Center for AI Safety and Yale EA organizer
There is often a clash between “alignment” and “capabilities” with some saying AI labs are pretending to do alignment while doing capabilities and others say they are so closely tied it’s impossible to do good alignment research without producing capability gains.
I’m not sure this discussion will be resolved anytime soon. But I think it’s often misdirected.
I think often what people are wondering is roughly “is x a good person for doing this research?” Should it count as beneficial EA-flavored research, or is it just you being an employee at a corporate AI lab? The alignment and capabilities discussions often seem secondary to this.
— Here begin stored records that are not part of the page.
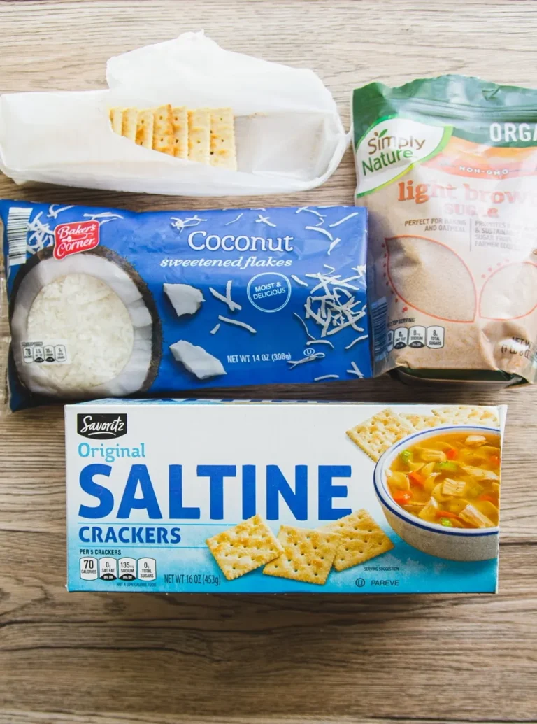 Use Saltine style crackers for this recipe. Rich buttery crackers won’t yield the same results. Also use sweetened coconut flakes. The extra sugar is needed as we’re not using a lot in the pudding base itself.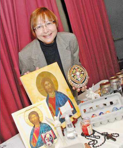 In further explaining the color scheme of icons, she said, the picture of Christ shows him wearing a blue cloak over a red robe. The red represents the royalty of the deity and the blue represents the humanity he took on becoming man.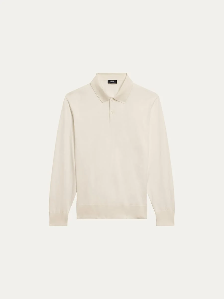 Theory "Goris" polo shirt crafted from a fineknit bilen Point collar; button placket Long sleeves Classic fit Viscose/PBT Dry clean, machine wash cold Imported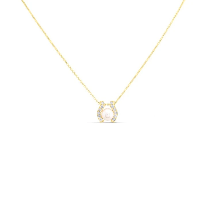 Sif Jakobs Gold Plated Silver Freshwater Pearl CZ Ponza Necklace - J02144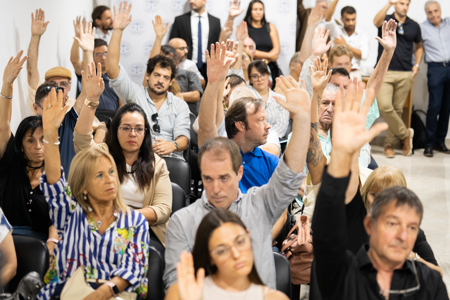 Ante un auditorio colmado de matriculados y matriculadas, la decisión fue respaldada por una amplísima mayoría, con ningún voto en contra y solo nueve abstenciones sobre más de sesenta asistentes,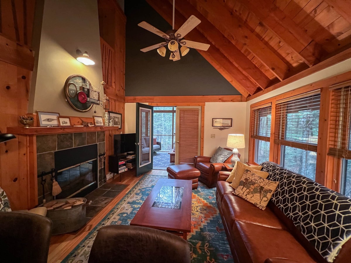 The ultimate escape for the outdoor enthusiast. The Woodland Chalet is surrounded by lush, boreal forest, wildlife, and meandering trails. A full kitchen, single bathroom, and sleeping accommodations for three. The lofted bedroom on the second floor features both a queen bed and a twin trundle, which overlooks the vaulted living room and gas fireplace. Large screened-in porch suitable for lounging and dining day and night.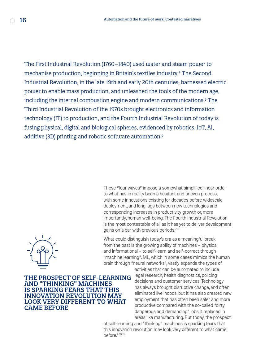 自主学习和“可思维”机器的发展前景正在引发一种恐惧:此次创新革命可能与以往的创新革命有很大不同。大量的问题值得关注,例如发展经济体中的“过早去工业化”,常见经济增长模式(劳动密集型、注重制造业出口)所面临的损失,甚至是对新的强大技术的滥用,比如将人工智能技术用于不法获利等。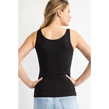 Slip into style with this fitted black tank top, made from buttery soft fabric that feels as good as it looks. The wide straps provide comfortable support, while the classic round neckline keeps things timeless and versatile. Whether worn solo or layered under your favorite button-down shirt, this essential piece adapts to your wardrobe with ease.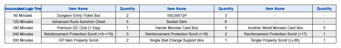 4. Accumulated Login Event - The time for Accumulated Login Event starts from the Character Selection after selecting the server. - Accumulated Login Event Time may be different from the Login Event Time due to Server Change and Character Change. (1) Week 1 (August 16th (Fri) 06:00 ~ August 19th (Mon) 06:00 (UTC+0)) (2) Week 2 (August 23rd (Fri) 06:00 ~ August 26th (Mon) 06:00 (UTC+0)) (3) Week 3 (August 30th (Fri) 06:00 ~ September 2nd (Mon) 06:00 (UTC+0)) - Upon 300 minutes of Accumulated Login, receive Single Stat Change Support Box, Single Property Scroll (Lv85), GP Item Property Scroll!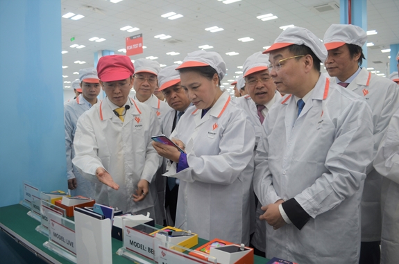 Chủ tịch Quốc hội Nguyễn Thị Kim Ngân và các đại biểu tham quan nhà máy sản xuất thiết bị điện tử thông minh Vinsmart.

Instead, think we should stick to a different notion: something is “pro-social” (not attached to the term) AI x-risk research if it’s research that (1) has a shot of reducing x-risk from AI (rather than increasing it or doing nothing) and (2) is not incentivized enough by factors external to the lab, to pro-social motivation, and to EA (for example: the market, the government, the public, social status in silicon valley, etc.)
Note (1) should include risks that the intervention changes timelines in some negative way, and (2) does not mean the intervention isn’t incentivized at all, just that it isn’t incentivized enough.
This is actually similar enough to the scale/tractability/neglectedness framework but it (1) incorporates downside risk and (2) doesn’t run into the problem of having EAs want to do things “nobody else is doing” (including other EAs). EAs should simply do things that are underincentivized and good.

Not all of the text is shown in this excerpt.